Означает ли это, что роль экспертизы невелика? Очевидно, нет. Так же как неудачные или ошибочные выводы отдельных исследователей не могут скомпрометировать сам метод атрибуции, нельзя отрицать значения технологической экспертизы лишь на том основании, что при этом могут возникнуть трудноразрешимые противоречия или ошибки.

Примером последних может служить исследование И. Грабарем портрета «Седобородого старика», атрибуированного им как бесспорное произведение Рембрандта [286]. Исследование портрета оказалось субъективным как в оценке данных стилистического анализа и технических приемов, так и в оценке аналитических данных. Не случайно «Седобородый старик» нашел место не в экспозиции, а в хранилище музея, где уже находилась так называемая «Мадонна из Нижнего Тагила», ошибочно атрибуированная Грабарем на основании стилистического анализа как произведение Рафаэля [287].

Чтобы уменьшить число противоречий, предотвратить ошибки или уменьшить их число, нужно проверять один факт другим. Необходимо помнить, что не существует ни одного аналитического метода, который одновременно мог бы дать исчерпывающие сведения о природе, составе, структуре, происхождении материала, технике исполнения и подлинности художественного произведения. Ответы на эти вопросы могут быть получены только путем сопоставления и анализа данных различных методов. Поэтому научное исследование художественного произведения, претендующее на объективность, должно быть комплексным. Исследования последних десятилетий показывают, что современные аналитические методы позволяют свести к минимуму возникающие при атрибуции сомнения и предположения и в большинстве случаев дать если не абсолютные доказательства, то правдоподобные свидетельства. В результате таких исследований многие догадки могут быть в конце концов опровергнуты или подтверждены.
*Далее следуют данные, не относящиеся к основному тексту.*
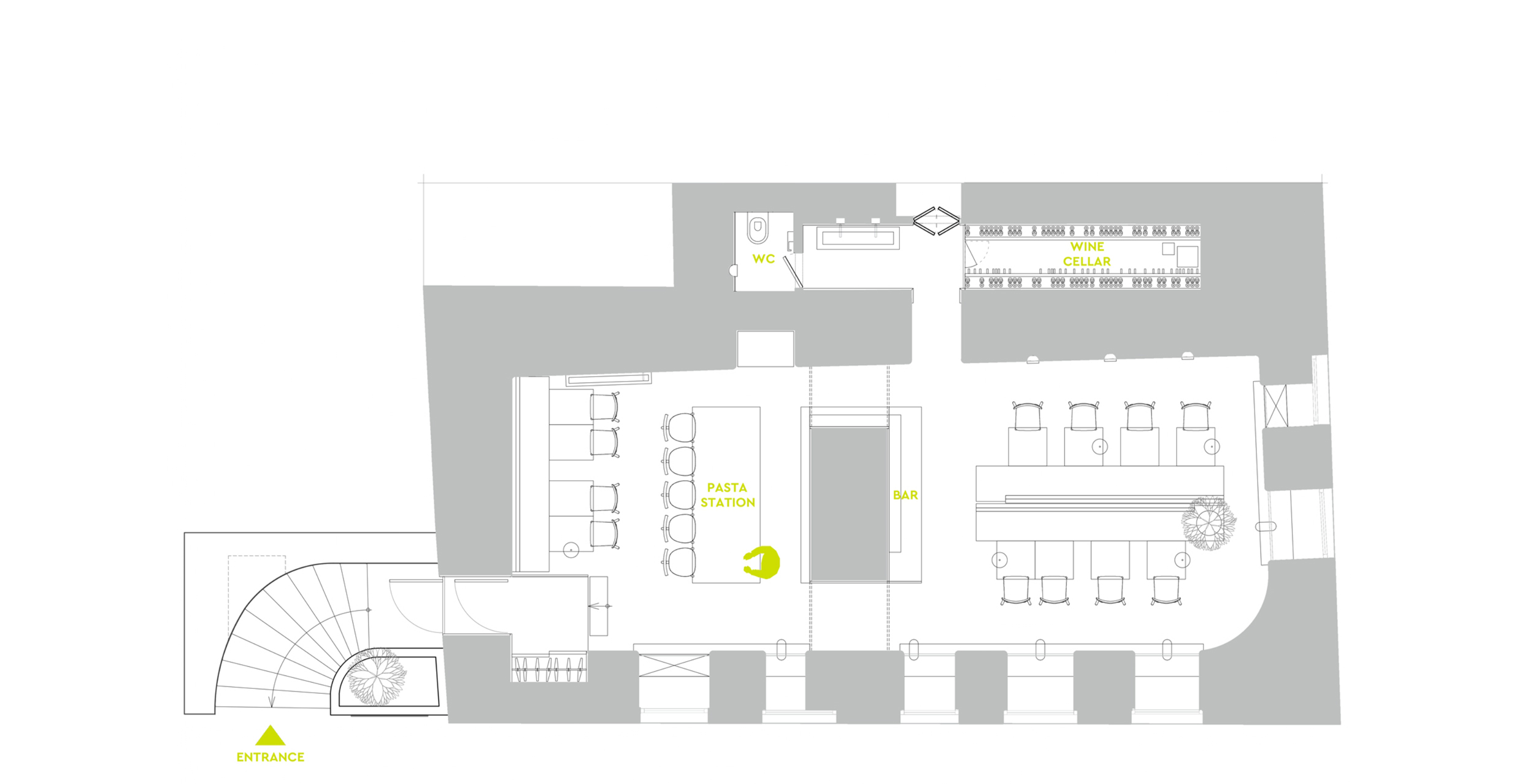 가톨릭 미학 참고한 요소들을 곳곳에 배치했다. 첫 번째 홀의 중심은 은유적인 제단으로 요리사가 일하는 큰 테이블이다. 모든 테이블이 요리사를 향해있어 손님들이 파스타를 만드는 과정을 볼 수 있다. 두 번째 홀의 묘미는 가운데에 있는 교회 객석과 올리브 나무, 세 개의 kiot(수호 성인의 상징이 있는 아이콘 케이스)다. 이탈리아 요리의 대표적인 세 가지 요소인 와인, 올리브 오일, 백리향을 아이콘 케이스에 두었다. 이탈리아는 와인으로 유명하기 때문에 지하 계단 아래 공간에 와인 저장고를 배치했다. 밝은 색상과 벽의 거울 덕분에 지하실을 시각적으로 평평하게 만들 수 있었다.

Атрибуция художественного произведения — будь то стилистический анализ или технологическое исследование — сводится, как мы видели, к идентификации признаков, то есть к разрешению вопросов тождества отдельных признаков разных объектов.

Рассматривая технологическую экспертизу художественного произведения как одно из средств, способствующих атрибуции, ее следует, исходя из отношения проводимого исследования к вопросу идентификации, разделить на два вида, то есть выделить случаи, требующие материал для сравнения или основанные на сравнении и не требующие его. И в теоретическом и в практическом отношении очень важно четко разграничить эти два вида экспертизы, так как они не только имеют свои специфические задачи, но и требуют различных исходных данных.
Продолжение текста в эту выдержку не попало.